Introduction
11

 

 

INTRODUCTION

    

To
Karl Popper
René Thom
Heinz-Günter Wittmann
and Elmar Zeitler

 

 

 

The idea that the genetic code is only the first of a long series of organic codes was proposed for the first time in 1985 in the book The Semantic Theory of Evolution. Since then, the experimental scenario has changed considerably and the arguments in favour of other organic codes have increased, making it necessary to add a second volume to that first book.
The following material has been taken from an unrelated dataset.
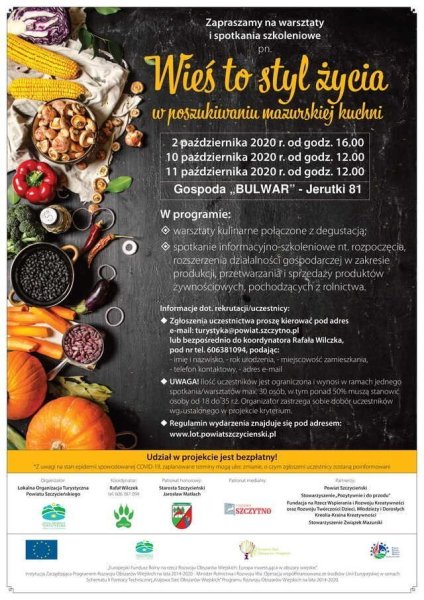 "Wieś to styl życia - w poszukiwaniu mazurskiej kuchni” - to tytuł projektu, realizowanego przez Lokalną Organizację Turystyczną Powiatu Szczycieńskiego i grono partnerów, z udziałem środków pozyskanych w PROW na lata 2014-2020. W ramach projektu, w trzech terminach (2.10 – od godz. 16.00 oraz 10 i 11.10 – od godz. 12.00), odbędą się warsztaty kulinarne połączone z degustacją oraz spotkanie informacyjno-szkoleniowe nt. rozpoczęcia, rozszerzenia działalności gospodarczej w zakresie produkcji, przetwarzania i sprzedaży produktów żywnościowych, pochodzących z rolnictwa.

This volume, however, does not deal only with the existence of organic codes. It also raises the problem of understanding why they exist, and to this purpose a mathematical model of epigenesis is proposed that becomes the starting point of a new approach to life that here is called semantic biology.
This book is the result of a scientific journey which started more than 25 years ago and is dedicated, with affection, to the four men which made it possible.
Karl Popper has been my most important spiritual referee because his pronouncement that the semantic theory of life “is revolutionary” gave me the strength to persevere.
René Thom has been the deus ex machina who actually put in print The Semantic Theory of Evolution and gave it an impressive imprimatur by writing its preface.
Heinz-Günter Wittmann and Elmar Zeitler allowed me to perform the experimental research which led me first to the concept of ribotype and then to a semantic model of life. It is from them that I learned what it takes to devote one’s life to an idea, and to risk everything to make it grow, even if all is bound to be for another generation of students. And in the end I realized that a new idea is all the more beautiful the greater is its power to convince one that it really belongs to the future.